Monday, December 29

EBRD and KfW finance North Macedonia’s flagship solar farm


The European Bank for Reconstruction and Development (EBRD) is providing a sovereign-guaranteed loan of up to 37 million euros to Elektrani na Severna Makedonija (ESM), North Macedonia’s state-owned electricity generation utility, to finance the development, construction and operation of a 134-megawatt (MW) solar plant at the site of an exhausted coal mine in Bitola. The loan will be provided alongside a 50-million-euro sovereign-guaranteed loan from German development bank KfW, marking the first joint financing by the two institutions.
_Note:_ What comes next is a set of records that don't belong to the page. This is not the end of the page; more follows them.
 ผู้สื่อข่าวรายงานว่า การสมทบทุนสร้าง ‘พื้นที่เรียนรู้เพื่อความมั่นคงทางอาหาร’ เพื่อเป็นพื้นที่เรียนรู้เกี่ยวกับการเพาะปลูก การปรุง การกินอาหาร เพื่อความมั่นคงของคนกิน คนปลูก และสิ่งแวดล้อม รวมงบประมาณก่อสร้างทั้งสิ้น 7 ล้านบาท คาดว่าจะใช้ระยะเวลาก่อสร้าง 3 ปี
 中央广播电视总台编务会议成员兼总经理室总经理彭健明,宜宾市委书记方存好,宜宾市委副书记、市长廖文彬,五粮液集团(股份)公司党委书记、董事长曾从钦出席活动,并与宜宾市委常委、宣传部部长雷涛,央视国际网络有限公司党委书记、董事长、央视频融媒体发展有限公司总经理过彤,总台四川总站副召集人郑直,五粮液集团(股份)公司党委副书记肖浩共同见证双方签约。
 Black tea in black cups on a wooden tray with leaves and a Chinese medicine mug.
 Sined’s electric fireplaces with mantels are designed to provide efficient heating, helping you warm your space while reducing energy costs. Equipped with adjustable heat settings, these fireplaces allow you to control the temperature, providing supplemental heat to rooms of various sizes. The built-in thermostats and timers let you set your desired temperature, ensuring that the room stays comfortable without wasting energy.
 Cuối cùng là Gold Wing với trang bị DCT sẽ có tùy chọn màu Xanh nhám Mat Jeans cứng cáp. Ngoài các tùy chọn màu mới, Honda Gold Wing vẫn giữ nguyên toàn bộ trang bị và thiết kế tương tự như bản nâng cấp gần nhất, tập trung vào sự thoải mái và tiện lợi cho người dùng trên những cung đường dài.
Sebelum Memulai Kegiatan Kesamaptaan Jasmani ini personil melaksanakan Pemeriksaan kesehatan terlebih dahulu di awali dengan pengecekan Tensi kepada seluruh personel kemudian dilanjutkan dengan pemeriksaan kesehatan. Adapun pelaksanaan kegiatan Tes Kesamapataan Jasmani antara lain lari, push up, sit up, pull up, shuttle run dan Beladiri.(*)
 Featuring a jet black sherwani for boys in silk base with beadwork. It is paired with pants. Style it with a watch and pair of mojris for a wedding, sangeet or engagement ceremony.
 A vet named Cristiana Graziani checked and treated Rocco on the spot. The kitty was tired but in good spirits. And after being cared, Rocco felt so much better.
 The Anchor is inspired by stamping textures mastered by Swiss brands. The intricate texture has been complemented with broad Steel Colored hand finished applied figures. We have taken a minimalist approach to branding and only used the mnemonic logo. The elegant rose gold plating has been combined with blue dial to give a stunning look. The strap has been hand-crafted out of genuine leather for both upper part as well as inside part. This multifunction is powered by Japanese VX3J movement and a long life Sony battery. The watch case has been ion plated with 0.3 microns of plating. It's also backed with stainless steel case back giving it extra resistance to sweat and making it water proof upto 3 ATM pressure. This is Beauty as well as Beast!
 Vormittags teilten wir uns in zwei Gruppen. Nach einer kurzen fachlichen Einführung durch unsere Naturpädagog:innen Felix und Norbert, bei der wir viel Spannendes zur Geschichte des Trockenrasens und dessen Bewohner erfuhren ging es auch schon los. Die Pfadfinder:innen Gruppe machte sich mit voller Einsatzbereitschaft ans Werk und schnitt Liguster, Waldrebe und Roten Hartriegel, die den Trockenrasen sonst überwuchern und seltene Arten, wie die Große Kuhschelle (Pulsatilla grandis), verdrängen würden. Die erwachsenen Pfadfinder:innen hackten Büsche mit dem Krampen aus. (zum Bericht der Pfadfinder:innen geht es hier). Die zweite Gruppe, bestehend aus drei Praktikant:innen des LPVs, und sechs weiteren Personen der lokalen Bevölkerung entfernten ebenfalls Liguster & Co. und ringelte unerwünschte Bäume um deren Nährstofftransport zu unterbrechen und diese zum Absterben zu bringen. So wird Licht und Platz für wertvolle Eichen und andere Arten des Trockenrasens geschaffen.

The Bitola 3 Solar Power Plant is a flagship project under the Just Energy Transition Investment Platform (JETIP), launched by North Macedonia at COP28 in 2023 with critical technical leadership from the EBRD. JETIP aims to mobilise up to 3 billion euros in investments and deliver technical and policy support to deploy 1.7 gigawatts (GW) of new renewable capacity by 2030, ensuring a just transition for coal-dependent communities.

The plant is expected to generate 180.9 gigawatt-hours (GWh) of renewable electricity annually and reduce North Macedonia’s CO2 emissions by approximately 134,000 tonnes per year. The country’s ambition is to phase out coal and cut greenhouse gas emissions by 82 per cent by 2030 under the National Energy and Climate Plan and updated Nationally Determined Contributions.

Beyond infrastructure, the project will promote improvements in ESM’s corporate governance by providing training and helping enhance anti-corruption practices and policies. These measures will lay the foundation for ESM’s newly established internal compliance function.

“Today, we are opening bids to select contractors for photovoltaic power plants Oslomej 2 and Bitola 1, and intensive work is underway on implementing the second phase of the Bogdanci wind park,” said Lazo Uzunčev, General Manager of ESM. “Through all these projects, including Bitola 3, we will increase domestic production from renewables by more than 200 MW in the next two to three years.”

The EBRD is a major institutional investor in North Macedonia, having invested over 3 billion euros in more than 200 projects across the country.